Showing posts with label NCLT. Show all posts
Showing posts with label NCLT. Show all posts

Monday, April 25, 2022

Future Group to zero in on saving, reconstructing firms as Reliance bargain dismissed

 

Obligation ridden Future Group is currently zeroing in on saving and remaking firms, for example, - - Future Lifestyle Fashions, Future Supply Chain Solutions, Future Consumer and Future Enterprises, after the Rs 24,713-crore manage Reliance Retail was dismissed by got banks, as indicated by industry sources.

In any case, Future Group's leader firm Future Retail Ltd (FRL), which has almost Rs 18,000 crore obligation, will undoubtedly confront the corporate bankruptcy goal process under the steady gaze of the National Company Law Tribunal (NCLT).

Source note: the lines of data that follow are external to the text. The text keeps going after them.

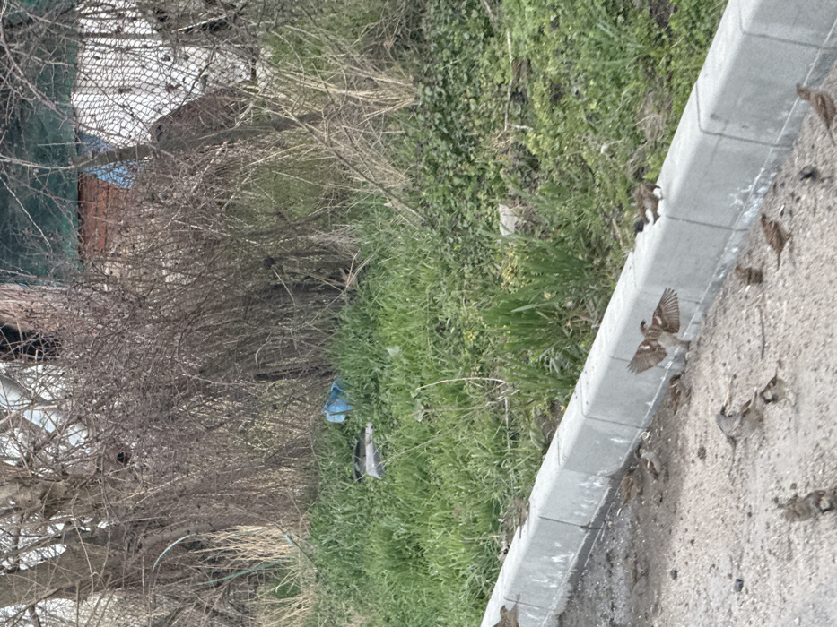 The image displays an outdoor scene in the city of Gorski Izvor, Bulgaria, characterized by a transition from a cleared ground surface to overgrown vegetation. In the foreground, a light-colored, coarse ground, possibly gravel or dirt, is occupied by approximately 15-20 small birds, identified as sparrows. One sparrow in the mid-left foreground is captured with its wings fully spread, indicating a moment of flight, landing, or aggressive display. A grey concrete curb, composed of segmented blocks, runs horizontally across the mid-ground, separating the foreground from a slightly elevated grassy verge. This verge is covered with vibrant green grass and various low-lying herbaceous plants. In the background, dense, predominantly bare deciduous trees and thorny bushes form a thick barrier. Visible within the vegetation are several discarded items, including a bright blue plastic container and a dark grey object resting on the grass. Partially obscured by the foliage, elements of man-made structures are discernible, including sections of a metallic mesh fence, a building wall with visible dark red bricks, a dark green structural component, and a blue tarpaulin. No human subjects are present in the scene.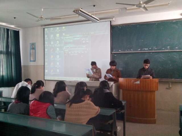 为响应团委号召,增强同学们对党和国家的热爱。3月31日下午三点,12行管在2010604教室举行“十八大美丽中国”主题配乐朗诵比赛。本次比赛由组织委员叶成臣主持。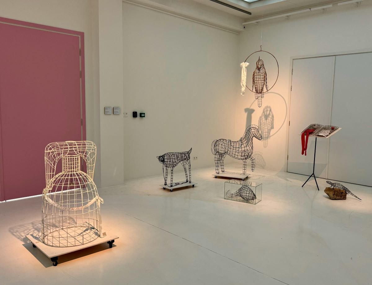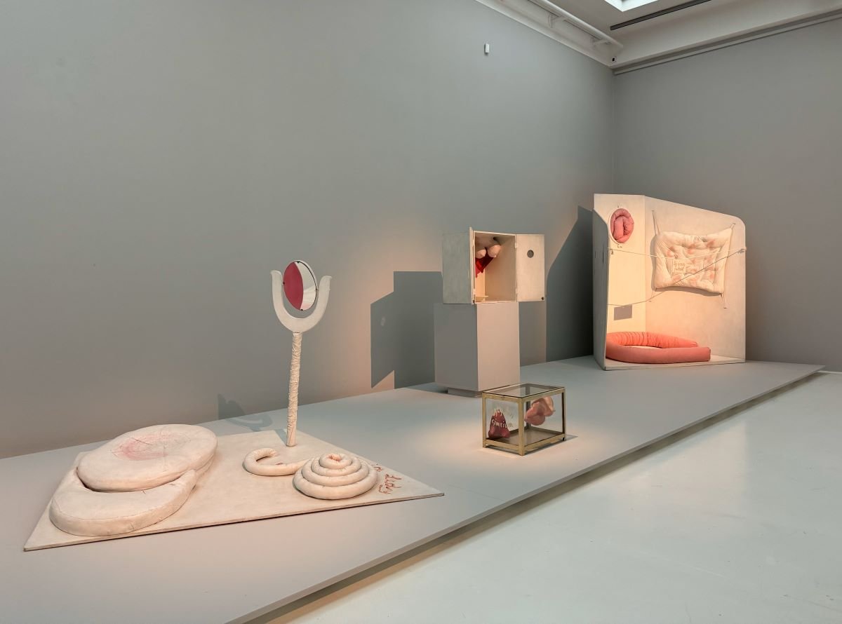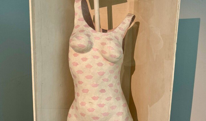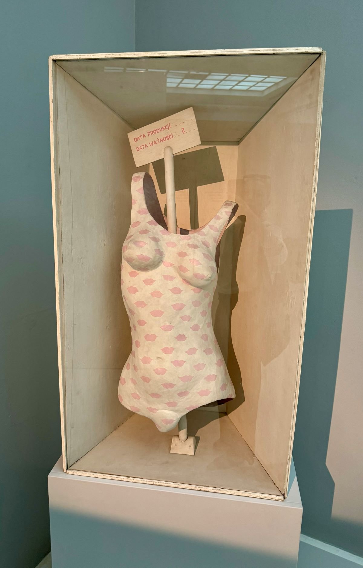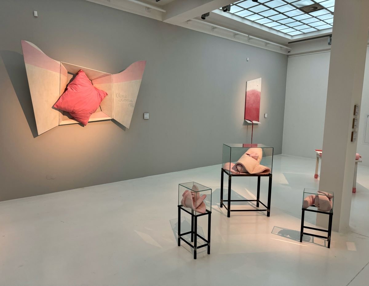 Na wystawie nie zabrakło prac z najsłynniejszej serii Gorsety (1965–1967). Lekkie rzeźby artystka wykonywała z masy papierowej, drewna oraz tkanin ze sznureczkami i sprzączkami. Prace podwieszała pod sufitem lub ustawiała jak część umeblowania. Wykorzystując w Gorsetach papier mâché, delikatne materiały oraz domową technikę niewymagającą rzeźbiarskiego zaplecza, Pinińska-Bereś po raz kolejny skierowała skojarzenia widza na sferę codzienności.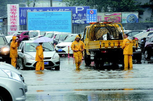 虽雨势较大,但市区大部分路段当天上午10点多恢复正常通行

Different organizations like Future Enterprises Ltd (FEL), Future Lifestyle Fashions Ltd (FLFL), Future Supply Chain Solutions Ltd (FSCSL), Future Consumer Ltd (FCL) can support all alone and can be remade by rebuilding their liabilities with the assistance of current banks and financial backers, said an industry source near the Future Group.

"FEL has over Rs 5,000 crore advances and since the organization is selling its stake in Future Generali India Insurance business. Presently it is getting around Rs 3,000 crore from it. The arrangement is practically finished. So that will leave a modest quantity of obligation and that can be overseen by FEL," a source said.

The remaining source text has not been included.